ACTION ITEM: Leave the pictures out, and transcribe the material below exactly from the line with "The users can" to the line with "H20 R FOR RAFTS", both lines included.

DATASET:

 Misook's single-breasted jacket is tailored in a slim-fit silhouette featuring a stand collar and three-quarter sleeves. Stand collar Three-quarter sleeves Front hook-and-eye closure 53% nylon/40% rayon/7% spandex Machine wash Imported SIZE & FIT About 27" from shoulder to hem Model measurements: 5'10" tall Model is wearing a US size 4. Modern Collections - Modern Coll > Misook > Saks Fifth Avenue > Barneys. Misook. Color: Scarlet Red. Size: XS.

...

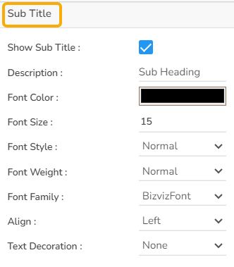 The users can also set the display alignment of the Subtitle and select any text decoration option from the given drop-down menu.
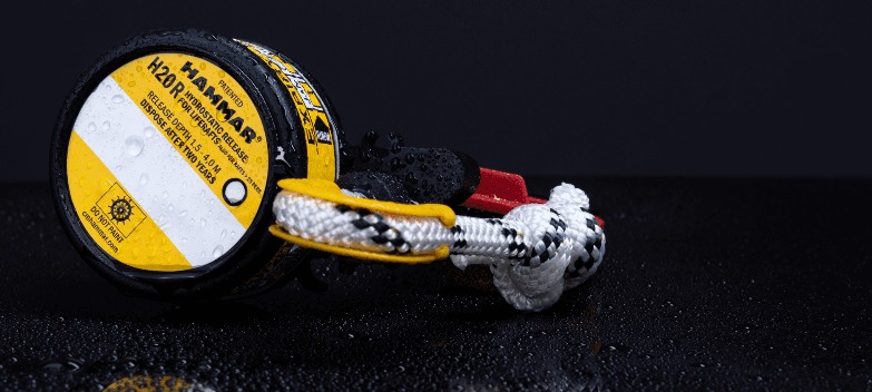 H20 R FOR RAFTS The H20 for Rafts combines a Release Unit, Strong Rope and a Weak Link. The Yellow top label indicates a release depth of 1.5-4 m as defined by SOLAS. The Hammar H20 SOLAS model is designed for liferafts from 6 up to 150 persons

REPLY:
 The users can also set the display alignment of the Subtitle and select any text decoration option from the given drop-down menu.
 H20 R FOR RAFTS The H20 for Rafts combines a Release Unit, Strong Rope and a Weak Link. The Yellow top label indicates a release depth of 1.5-4 m as defined by SOLAS. The Hammar H20 SOLAS model is designed for liferafts from 6 up to 150 persons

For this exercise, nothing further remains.